Takasın Ötesi: Dayanışma Ekonomisiyle Yeni Bir Toplum-Saliha Gök
Kıymetli KHA Okurlarım saygı ve selamımla yeni yazım .Saliha Gök
Modern kapitalist sistemin merkezine yerleşmiş olan bireysel çıkar ve rekabet ilkesi, toplumsal dokuyu çözmekle kalmamış; insanı, üretim ve tüketim arasına sıkışmış bir nesneye dönüştürmüştür. Bu bağlamda, “ortak ekonomi” ya da daha kapsayıcı bir ifadeyle “dayanışma ekonomisi”, yalnızca alternatif bir üretim-tüketim modeli değil; aynı zamanda etik, vicdan ve toplumsal sorumluluk temelli yeni bir yaşam tahayyülüdür.
1. Ortak Ekonominin Kavramsal Zemini
Ortak ekonomi, klasik takas sisteminin ötesine geçerek, dijital platformlar aracılığıyla bilgi, hizmet, zaman ve mekânın kolektif paylaşımını mümkün kılan bir toplumsal örgütlenme biçimidir. Bu modelde mülkiyet değil erişim; rekabet değil işbirliği; kâr değil toplumsal fayda önceliklidir. Dayanışma ekonomisi, neoliberal paradigmanın dışlayıcı diline karşı, kapsayıcı ve vicdanlı bir söylem üretir.
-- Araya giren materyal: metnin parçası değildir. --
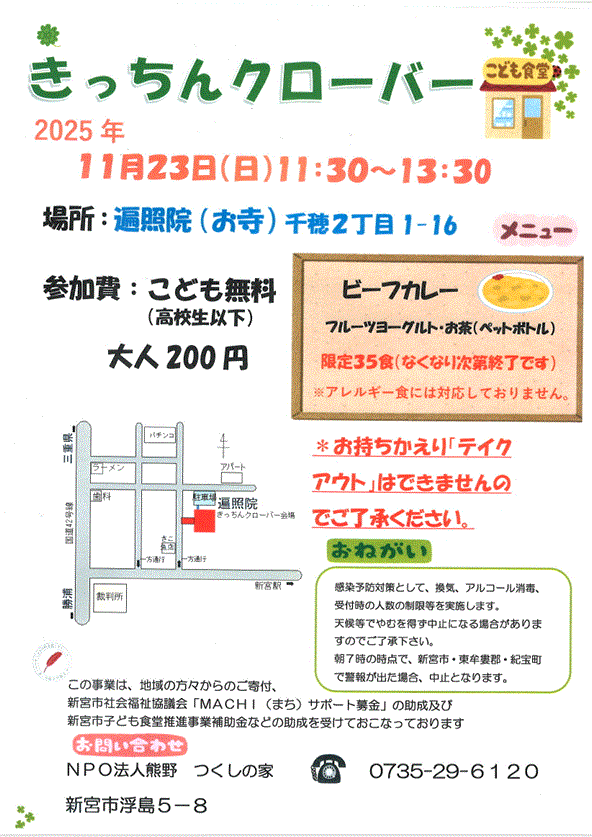 | きっちんクローバーを遍照院にて開催いたします。時間は11時30分からとなっております。 メニューはビーフカレーとフルーツヨーグルトです。です。35食ご用意しております。 どなたでもお越しいただけますので、お気軽にどうぞお立ち寄りください。 |
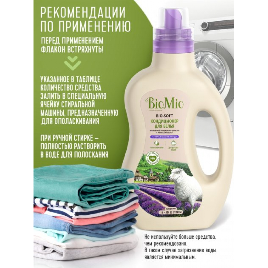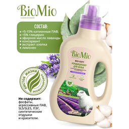 BioMio Bio-Soft — кондиціонер для білизни з екстрактом бавовни й ефірною олією лаванди.
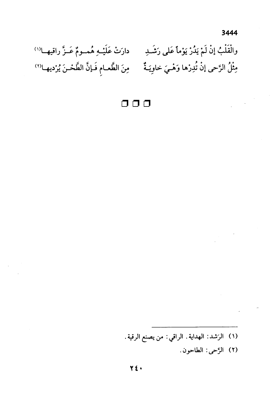 والْقَلْبُ إنْ لَمْ يَدُرْ يَوْماً عَلى رَشَدِ ... دارَتْ عَلَيْهِ هُمومٌ عَزَّ راقيها (¬1)
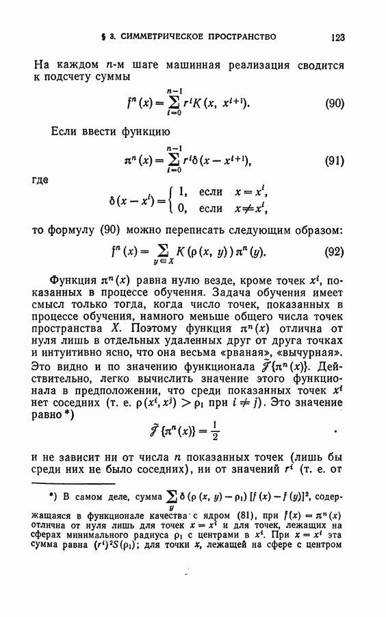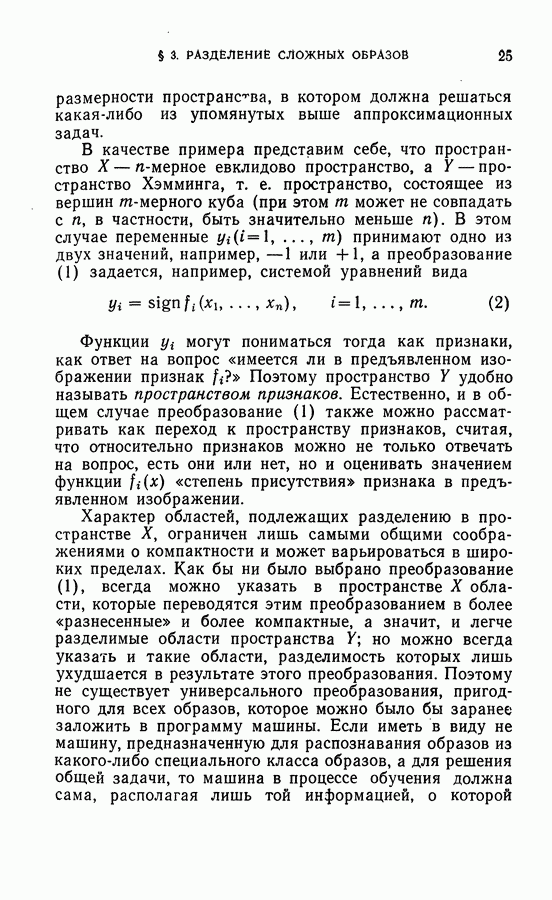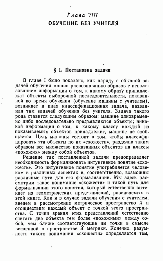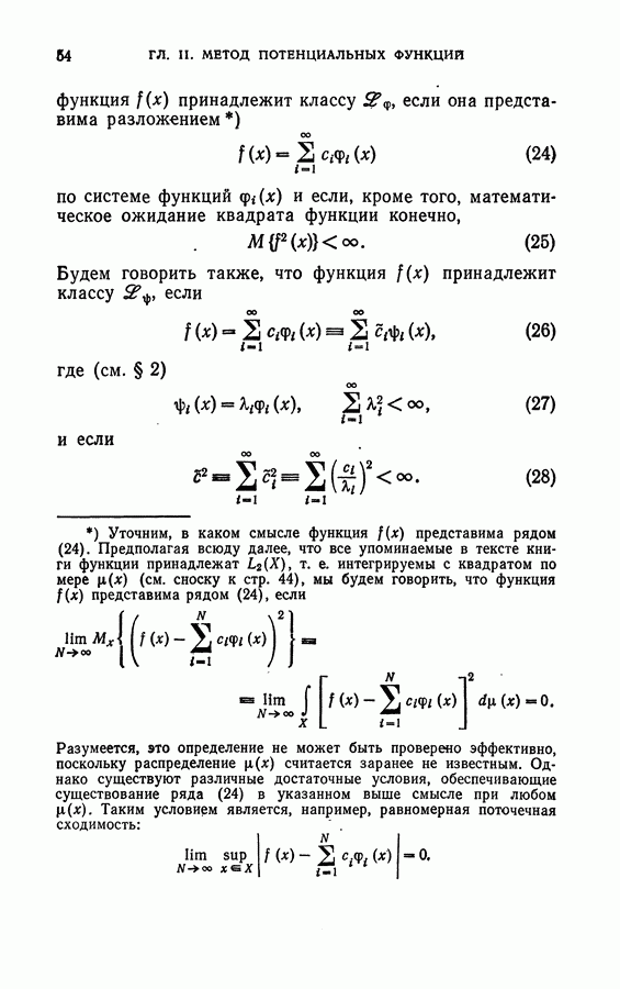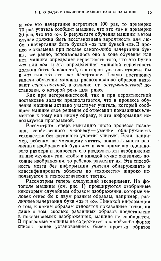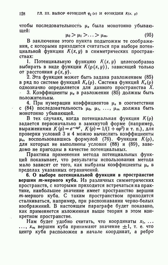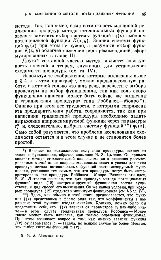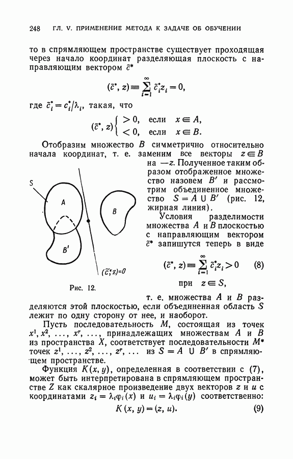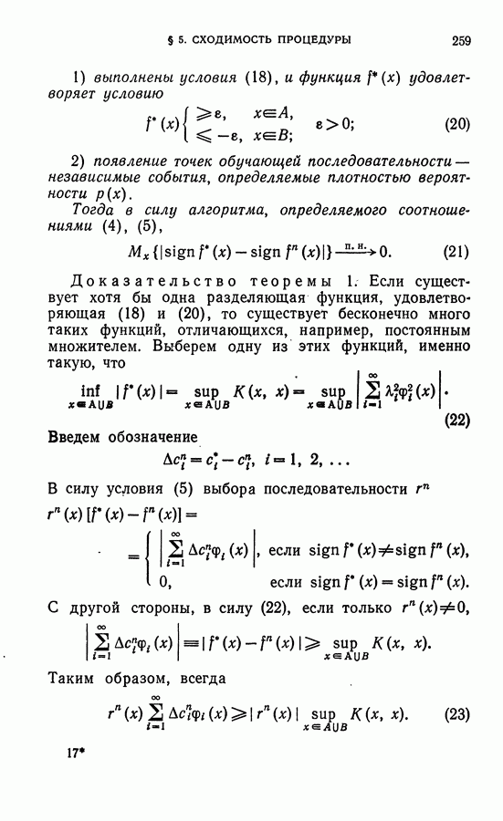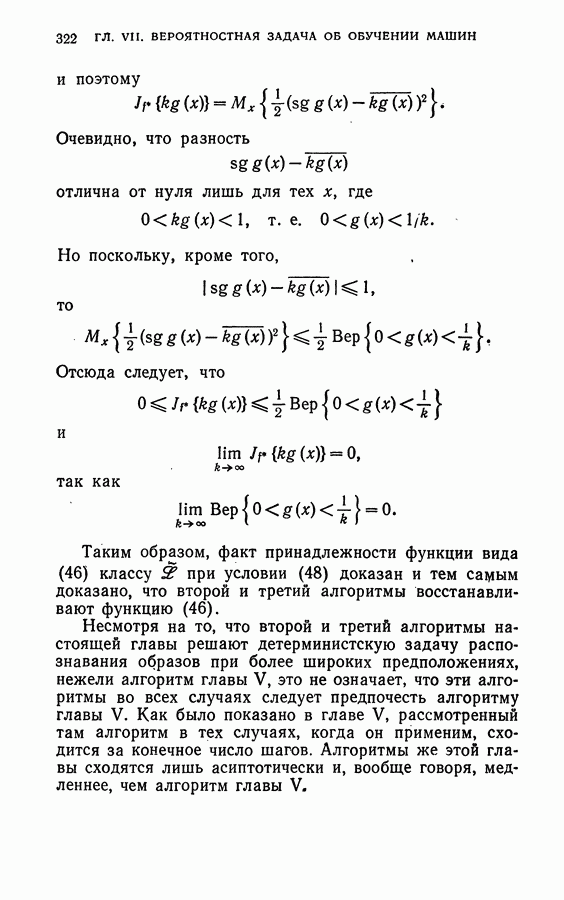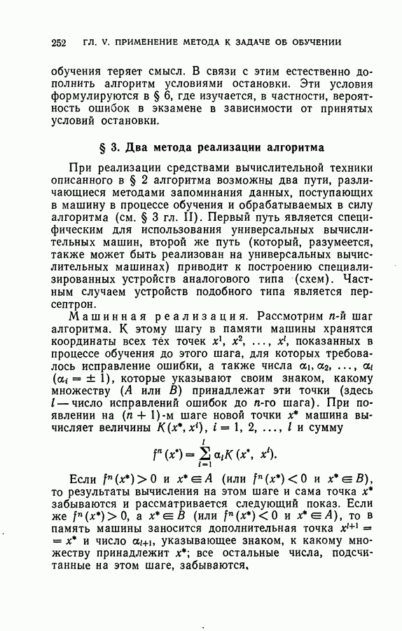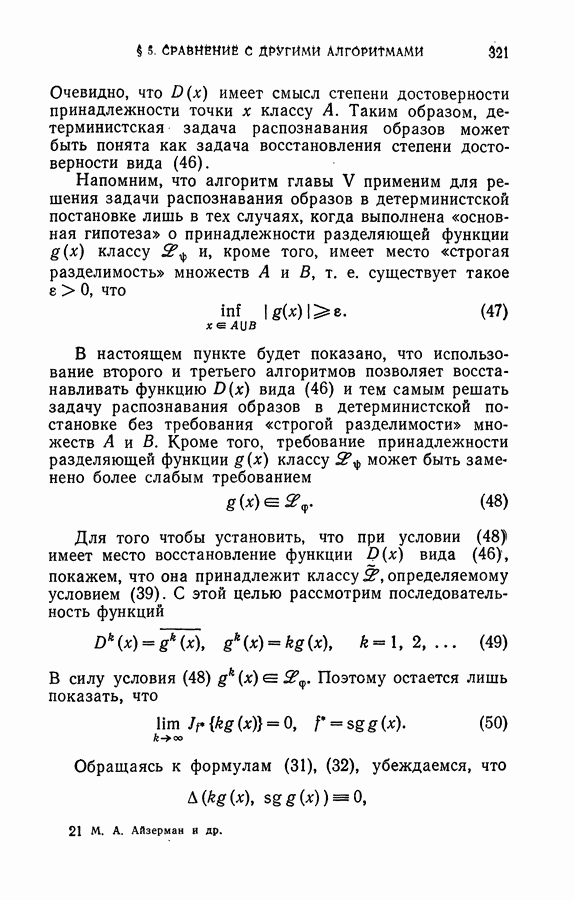 Тогда те же основания позволяют предполагать, что эта функция будет представлять собой «горный ландшафт» с вершинами над областями До сих пор мы старались лишь выяснить основную идею метода потенциальных функций, опираясь не на точные определения, а на интуицию читателя. Нам предстоит далее перейти к точному изложению метода. В связи с этим подчеркнем еще раз, что буквальное применение процедуры в той форме, в какой она была выше описана, далеко не всегда привело бы к успеху, даже в случае обучения с учителем. Одна из причин того, что эта процедура недостаточна, связана с тем, что среди точек пространства X, показываемых учителем, области А, В и т. д. могут быть представлены неравномерно. Если, например, число точек из А заметно больше числа точек из В, то даже интуитивно ясно, что это может привести к неправильно построенной разделяющей поверхности. Алгоритм метода потенциальных функций, который предлагается далее в этой книге (гл. V), отличается от описанной выше «упрощенной процедуры» и, в частности, обходит это затруднение. В предыдущих рассуждениях мы не накладывали каких-либо условий на то, каким образом выбираются точки, показываемые учителем. Между тем ясно, что если все или даже почти все показываемые точки принадлежат подобластям А а До сих пор, говоря о методе потенциальных функций, мы имели в виду лишь детерминистскую задачу: области

2. Takasın Ötesinde: Etik ve Vicdan Temelli Paylaşım
Takas, tarihsel olarak eşdeğer değerlerin değişimini ifade ederken; dayanışma ekonomisi, eşdeğerlikten ziyade ihtiyaç ve imkân dengesine dayanır. Bir bireyin fazlası, başka bir bireyin eksiğini tamamlar. Bu yaklaşım, “vermek” fiilini yalnızca ekonomik değil, aynı zamanda etik ve insani bir eylem olarak yeniden tanımlar. Ortak mutfaklar, eşya paylaşım ağları, zaman bankaları ve kolektif üretim kooperatifleri bu anlayışın somut örnekleridir.
3. Dijital Platformlar ve Yeni Toplumsal Alanlar
Dijitalleşme, ortak ekonominin yaygınlaşmasında belirleyici bir rol oynamaktadır. Ancak burada kritik olan, teknolojinin araçsallaştırılması değil, etik bir zeminde örgütlenmesidir. Platform kapitalizminin tekelleştirici eğilimlerine karşı, açık kaynaklı, katılımcı ve şeffaf dijital ağlar inşa edilmelidir. Bu ağlar, yalnızca ekonomik değil, aynı zamanda kültürel ve sosyal bir dönüşümün taşıyıcısı olabilir.
4. Toplumsal Uyanış ve Yeni Bir Sözleşme
Dayanışma ekonomisi, yalnızca ekonomik bir model değil; aynı zamanda yeni bir toplumsal sözleşmenin çağrısıdır. Bu sözleşme, bireyin yalnızca hak sahibi değil, aynı zamanda sorumluluk taşıyan bir özne olarak yeniden tanımlanmasını gerektirir. Ortak üretim, ortak yaşam ve ortak karar alma süreçleri, demokrasinin yalnızca siyasal değil, gündelik hayatta da içselleştirilmesini sağlar.
5. Sonuç: Vicdanın Ekonomisi Mümkün mü?
Bugün, ekonomik krizlerin, ekolojik yıkımın ve toplumsal kutuplaşmanın gölgesinde; dayanışma ekonomisi bir ütopya değil, bir zorunluluk olarak karşımızda durmaktadır. Takasın ötesine geçmek, yalnızca nesneleri değil, anlamı ve sorumluluğu da paylaşmak demektir. Bu bağlamda, vicdanlı bir ekonomi mümkün değilse, sürdürülebilir bir toplum da mümkün değildir.